-- Source data --
══════════════════════════════
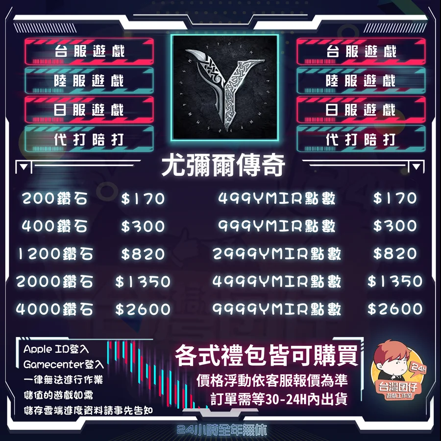 6️台灣囝仔台陸手遊代儲純粹為協助代儲服務,僅收取服務費,無賺取額外差價。
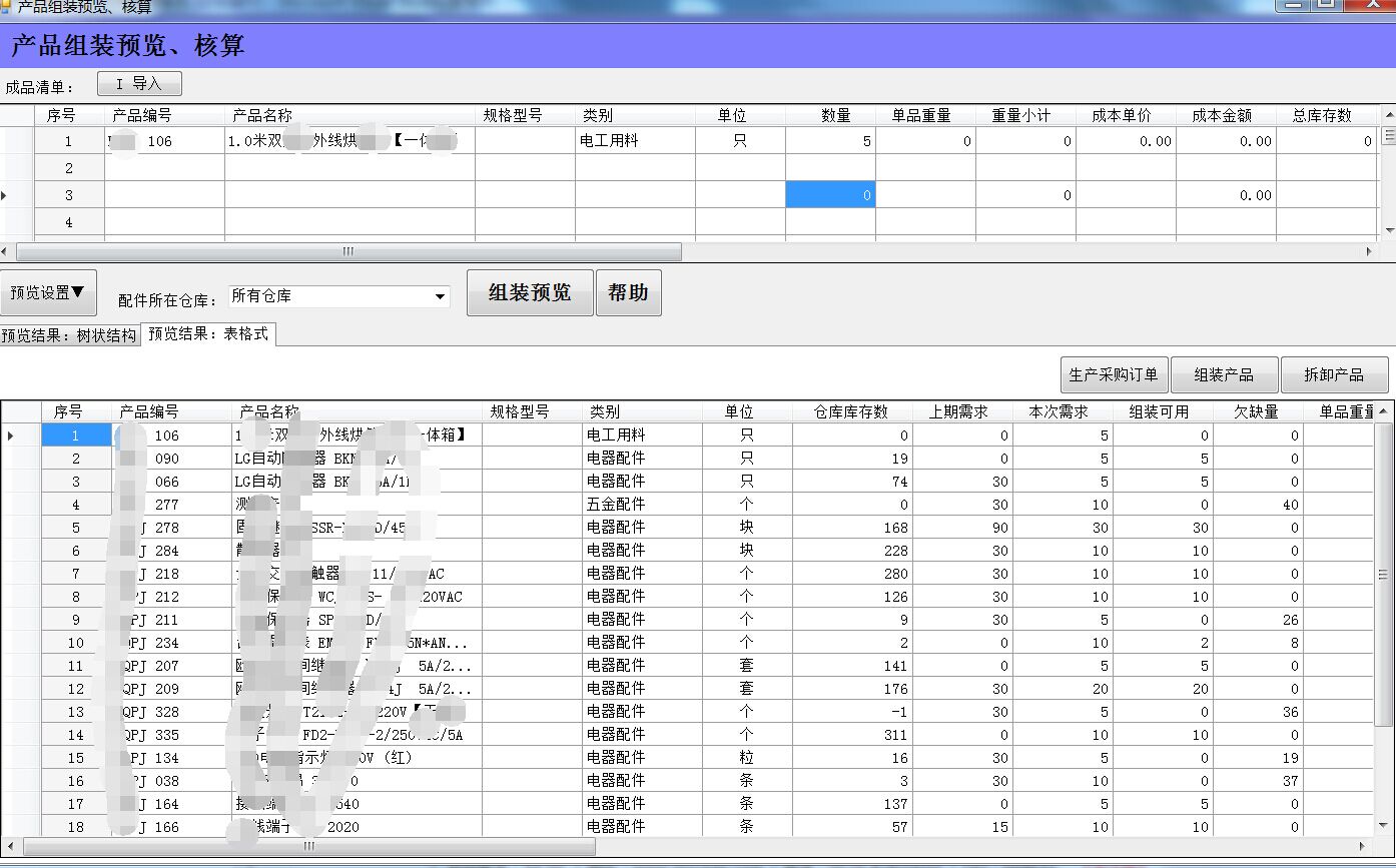 产品的组装关系设置、图片、订单数、价格记忆、组装成本核算
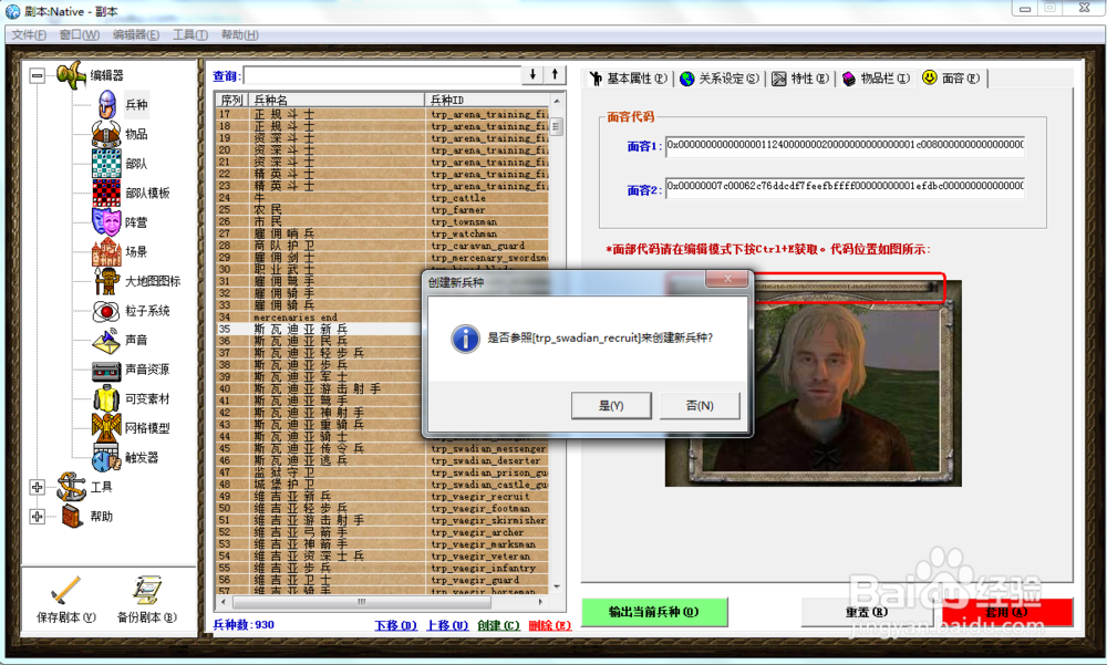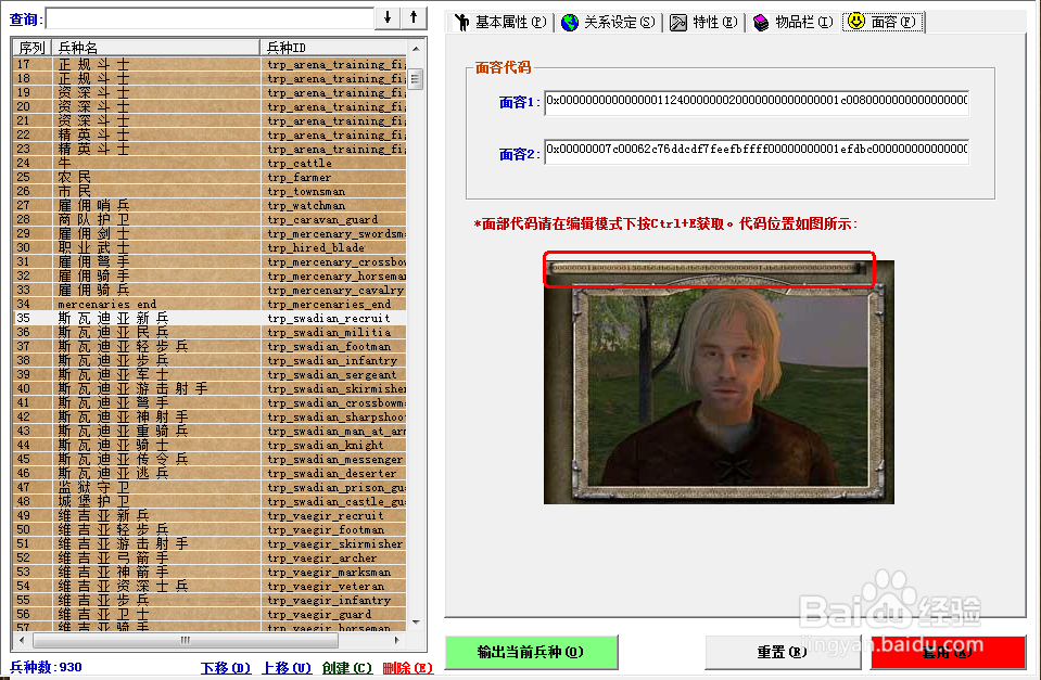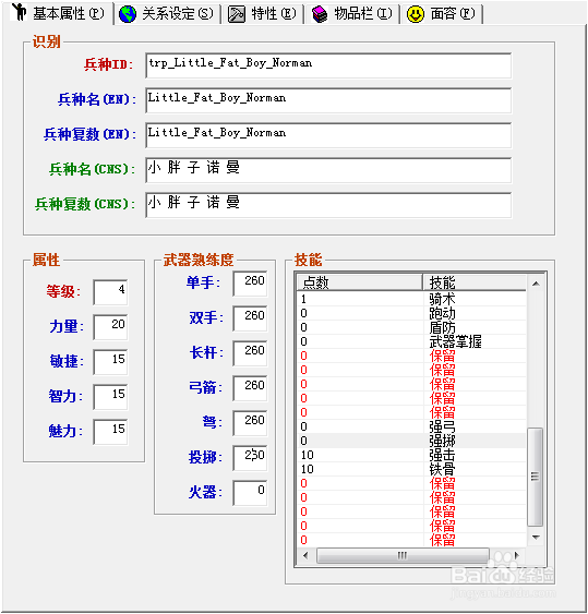 基本屬性、關(guān)系、特性、物品、面貌來查看某個兵種的特性和上面的修改方法一樣修改,所有的都修改完畢了以后,點擊右下角紅色的套用
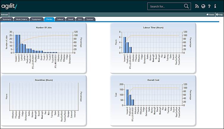 This tab plots the Pareto Analysis (80/20 rule) across four different charts displaying:
══════════════════════════════
-- Task prompt --
Could you write out the whole listing exactly, dropping the pictures?

-- Task response --
 6️台灣囝仔台陸手遊代儲純粹為協助代儲服務,僅收取服務費,無賺取額外差價。
 产品的组装关系设置、图片、订单数、价格记忆、组装成本核算
 基本屬性、關(guān)系、特性、物品、面貌來查看某個兵種的特性和上面的修改方法一樣修改,所有的都修改完畢了以后,點擊右下角紅色的套用
 This tab plots the Pareto Analysis (80/20 rule) across four different charts displaying:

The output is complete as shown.